For DIY offsite backup I use crashplan. Their system lets you use their servers if you choose (for payment) but it also lets you use a remote disk you have over at a freinds house too, or one attached to your computer. I bought their software after using the free version for years. Besides being a nice automated backup system, the killer thing was the ability to backup offsite to a friends house. I do it mutually with them, each keeping the other's USB disk at our respective homes.
What's great about this is that if I do ever need to do a full backup, I don't have to try streaming it back through a soda straw over the web. I just drive the station wagon over, pick up the disk, and bring it home. Station wagons have very high bandwidth.
The disk is encrypted so no worries about peepers or what happens if my freinds computer gets broken into.

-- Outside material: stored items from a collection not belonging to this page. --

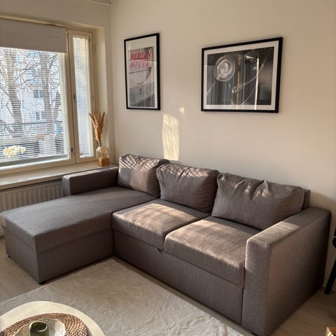 Hyvässä kunnossa oleva tumman harmaa levitettävä sohva. Sisällä säilytystilaa. Haku Järvenpään keskustasta.
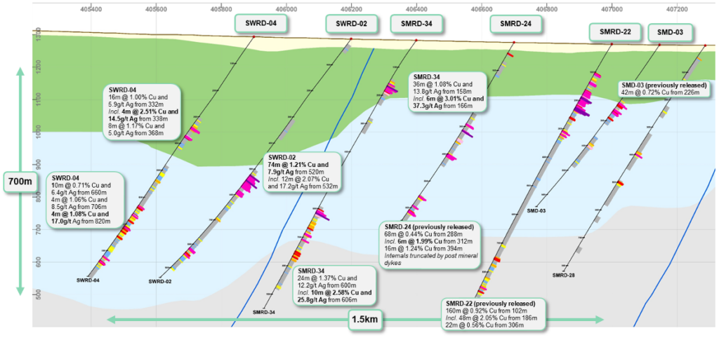 - SMRD-34, drilled in between SWRD-02 and SMRD-24 on a 300m spacing, intersected mineralization in both the near-surface upper volcanics and the lower sediments
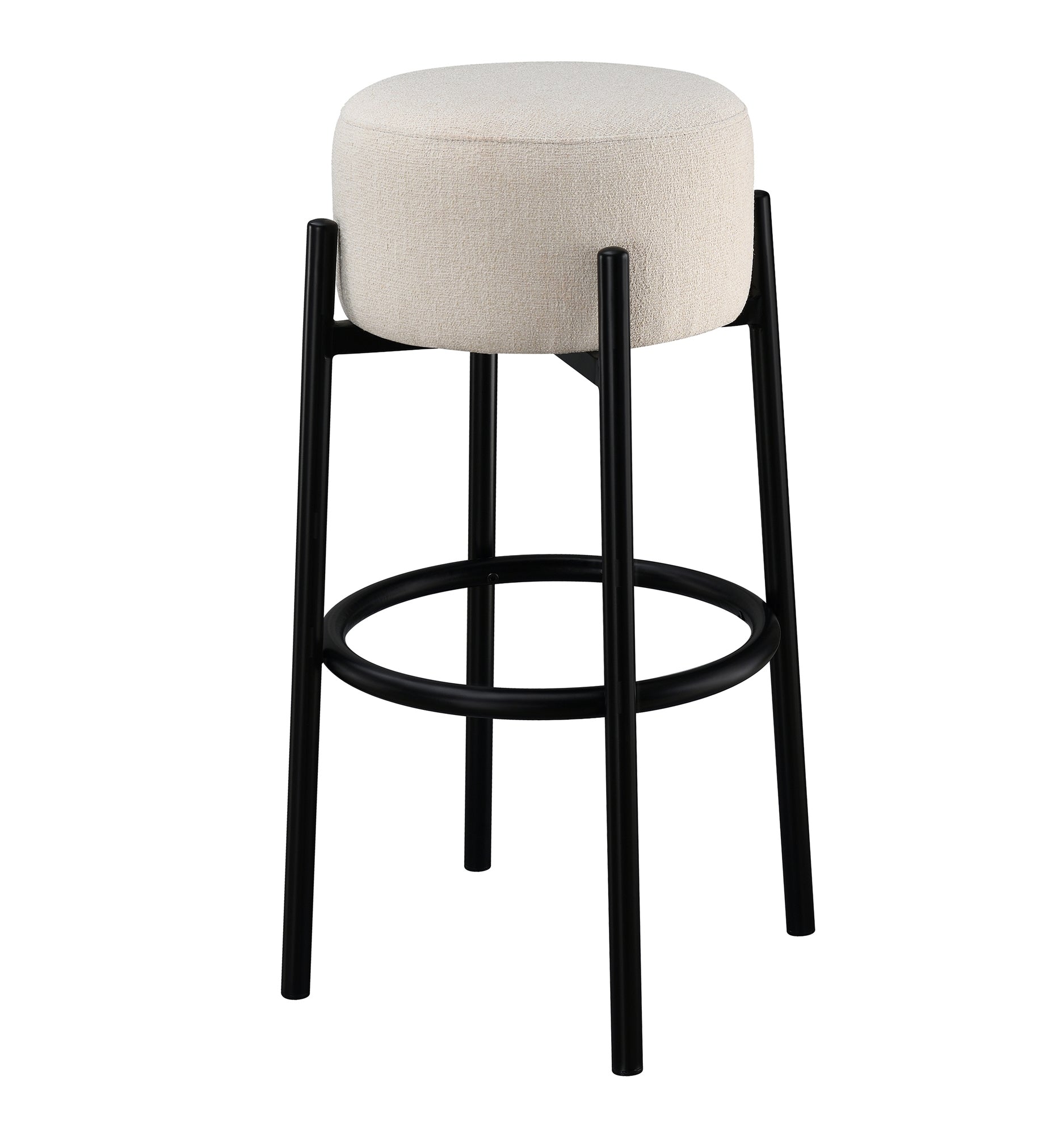 Casual with sleek lines, slide this pair of contemporary stools up to a bar or kitchen breakfast area. Designed with a thick pouf-like cushion wrapped in a white upholstery, this stool lends an elegant playful charm to any space. The pouf-inspired seat rests nestled between an extension of the minimal style, sleek modern frame. Presenting a stark contrast in color, each two-tone stool presents a white seat cushion held by a black finish frame. Four slim side supports lift the round cushion, offering rest and relaxation with a matching round brace that acts as a footrest.
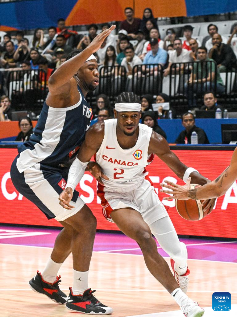 JAKARTA, Aug. 25 (Xinhua) -- The pivotal matchup of the opening day of the FIBA World Cup witnessed Canada's star player Shai Gilgeous-Alexander unstoppable after halftime, leading his team to thrash France 95-65 here on Friday.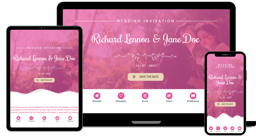 Desain Kekinian Banget & Responsif, Membuat Pernikahan Anda Makin Berkesan & Dikenang di Semua Perangkat Digital.

The payware version is a one time payment not a monthly fee. What you get for the payware version is more parsimonious differential backups and some other features about controlling backup times.
The software has gotten much better over the years too. Early on my complaint was the java bloated itself out to huge memory sizes over time. But now I don't even notice it is running.
Anytime I need to do a bigger than normal backup, I go get the disk and attach it locally, then take it back. That only happens when there's an unusual event. For example, if I make a major change in the structure of my file system, copy everything to a new disk or do something that touches all the files, then this could, in most backup systems, trigger a level 0 backup. So when that happens it's much easier to get things up to date then with any on-the-net storage system.